Structure of Public Listed Companies –

Public listed companies typically have a hierarchical structure that is designed to facilitate decision-making and ensure effective management of the company’s operations. The exact structure may vary depending on the size and complexity of the company, but the following are some of the key roles and responsibilities that are typically found in a public listed company:

  1. Board of Directors: The board of directors is responsible for overseeing the company’s operations and setting strategic goals for the company. The board is typically made up of a group of independent directors, executive directors, and non-executive directors, who are appointed by the shareholders.
  2. Chief Executive Officer (CEO): The CEO is responsible for the day-to-day management of the company and is accountable to the board of directors. The CEO typically has broad decision-making authority and is responsible for implementing the company’s strategy and achieving its financial and operational goals.
  3. Chief Financial Officer (CFO): The CFO is responsible for managing the company’s financial operations, including accounting, budgeting, financial reporting, and investor relations. The CFO typically works closely with the CEO and the board of directors to ensure that the company’s financial performance is in line with its strategic goals.
  4. Chief Operating Officer (COO): The COO is responsible for overseeing the company’s daily operations and ensuring that the company’s processes and procedures are efficient and effective. The COO typically works closely with the CEO and other senior executives to implement the company’s strategy and achieve its operational goals.
  5. General Counsel: The general counsel is responsible for providing legal advice and guidance to the company’s management team and board of directors. The general counsel is typically responsible for managing the company’s legal affairs, including contracts, regulatory compliance, and litigation.
  6. Corporate Secretary:  The corporate secretary is responsible for managing the company’s corporate governance and compliance with regulatory requirements. The corporate secretary typically works closely with the board of directors and other senior executives to ensure that the company’s policies and procedures are in line with best practices and regulatory requirements.

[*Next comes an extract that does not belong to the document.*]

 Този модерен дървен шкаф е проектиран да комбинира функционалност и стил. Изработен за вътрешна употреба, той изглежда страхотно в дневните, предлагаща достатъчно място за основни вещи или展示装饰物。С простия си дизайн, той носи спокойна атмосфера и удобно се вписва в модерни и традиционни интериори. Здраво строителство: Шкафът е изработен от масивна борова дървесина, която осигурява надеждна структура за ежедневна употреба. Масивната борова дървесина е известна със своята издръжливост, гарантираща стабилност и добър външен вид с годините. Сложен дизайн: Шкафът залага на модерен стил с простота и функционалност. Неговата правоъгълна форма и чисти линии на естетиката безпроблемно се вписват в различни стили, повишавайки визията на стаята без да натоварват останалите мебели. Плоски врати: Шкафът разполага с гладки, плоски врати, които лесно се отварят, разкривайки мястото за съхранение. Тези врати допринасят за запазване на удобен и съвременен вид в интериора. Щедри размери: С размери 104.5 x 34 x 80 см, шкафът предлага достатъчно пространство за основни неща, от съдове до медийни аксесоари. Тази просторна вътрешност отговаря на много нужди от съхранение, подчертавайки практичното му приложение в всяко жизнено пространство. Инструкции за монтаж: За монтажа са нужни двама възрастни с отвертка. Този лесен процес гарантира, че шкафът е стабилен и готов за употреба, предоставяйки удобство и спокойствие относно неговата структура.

These are just a few of the key roles and responsibilities that are typically found in a public listed company. Depending on the size and complexity of the company, there may be additional roles and responsibilities, as well as committees and sub-committees, that are designed to support effective management and decision-making.

Conclusion –

In conclusion, public listed companies are business organizations that have issued shares of their stock to the public through a public stock exchange. Becoming a public listed company can provide access to capital and greater visibility to the public, but it also involves greater regulatory compliance and scrutiny.

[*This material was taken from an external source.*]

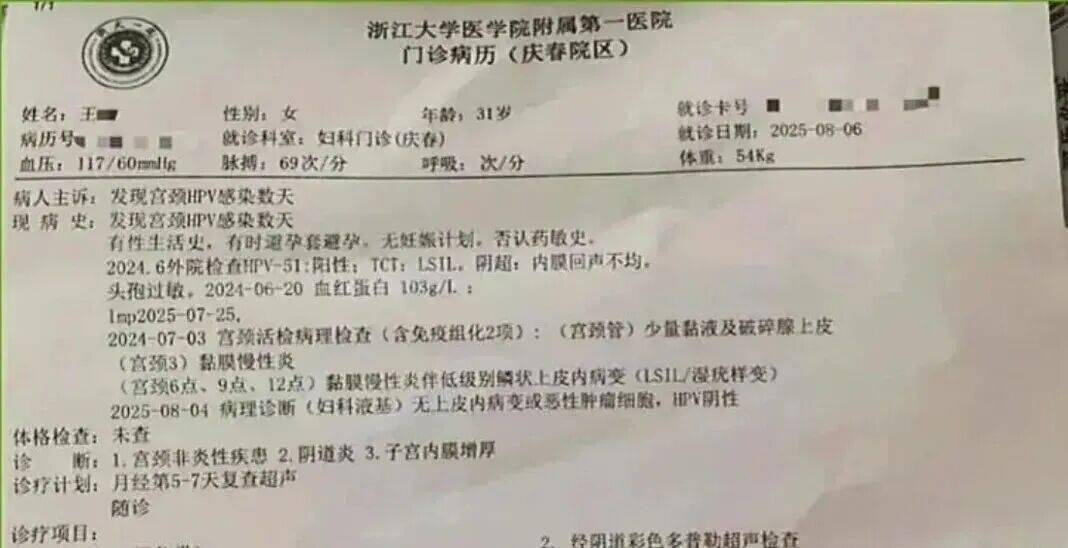 自该日至8月8日,两人在广州、杭州等地开房同居达十余天,期间王某曾因妇科问题前往医院就诊。一份来自某三甲医院妇科门诊的病历显示,王某就诊日期为8月6日,其主诉、现病史及诊断内容均涉及妇科相关问题。

In India, there are over 5,000 public listed companies that are listed on the major stock exchanges, including the National Stock Exchange and the Bombay Stock Exchange. These companies operate in a wide range of industries and have a significant impact on the country’s economy.

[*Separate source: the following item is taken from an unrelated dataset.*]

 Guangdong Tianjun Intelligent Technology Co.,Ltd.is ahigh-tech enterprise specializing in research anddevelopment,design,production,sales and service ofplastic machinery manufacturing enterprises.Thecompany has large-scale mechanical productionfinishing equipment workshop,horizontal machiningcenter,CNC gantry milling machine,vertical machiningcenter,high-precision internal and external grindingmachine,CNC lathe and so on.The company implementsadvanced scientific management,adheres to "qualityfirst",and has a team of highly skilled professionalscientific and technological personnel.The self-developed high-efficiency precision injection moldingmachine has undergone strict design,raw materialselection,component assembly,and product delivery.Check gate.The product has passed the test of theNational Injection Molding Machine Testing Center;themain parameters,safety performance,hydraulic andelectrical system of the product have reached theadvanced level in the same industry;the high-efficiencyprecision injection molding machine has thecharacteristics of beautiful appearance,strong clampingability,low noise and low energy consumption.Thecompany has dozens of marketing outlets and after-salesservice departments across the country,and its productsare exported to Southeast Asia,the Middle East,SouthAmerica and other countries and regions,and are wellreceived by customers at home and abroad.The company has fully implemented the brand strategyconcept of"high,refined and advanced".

Investing in public listed companies can be a good way for individuals to participate in the growth of the Indian economy and potentially earn a return on their investment. However, investing in the stock market also involves risks and requires careful research and analysis to make informed investment decisions. It is important for investors to consult with a financial advisor and to understand the risks and potential rewards of investing in the stock market.